After reading this recipe, you won’t want to wait for your next Sunday brunch before giving it a try! And you don’t have to, because you can eat these pancakes – in contrast to classic pancakes – as often as you like without feeling guilty! At the same time, the Biotona Matcha powder provides an added boost of anti-oxidants and helps to purify your body of harmful substances. So bring on those pancakes!
|Buckwheat flour||¾ cup (85 g)|
|Biotona Beginner’s Matcha||2 teaspoons|
|Baking powder||1 teaspoon|
|Baking soda||½ teaspoon|
|Almond milk||¾ cup (180 ml)|
|Lemon juice||1 tablespoon|
|Maple or agave syrup||3 tablespoons|
|Coconut oil, melted||1 tablespoon + more for greasing the skillet|
|2 mixing bowls, non-stick frying pan|
- In a bowl mix together buckwheat flour, Biotona Matcha powder, baking powder and baking soda.

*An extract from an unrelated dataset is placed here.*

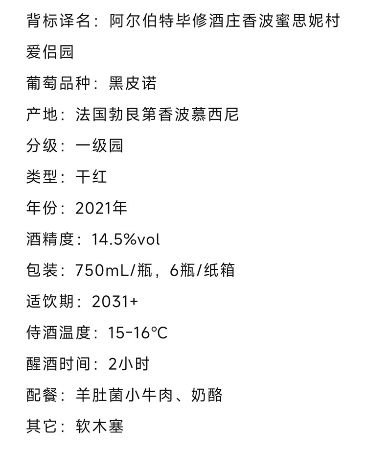 【售完无补】2021年亚伯必修酒庄香波慕西尼爱侣一级园黑皮诺干红

- In a smaller bowl combine almond milk with lemon juice, maple or agave syrup and coconut oil. Pour wet ingredients to a bowl with dry ingredients and mix until you have smooth batter.
- Heat a non-stick frying pan and grease it a little bit with coconut oil. Bake pancakes on both sides, flipping when bubbles on the surface appear.
- Serve warm with toppings of choice.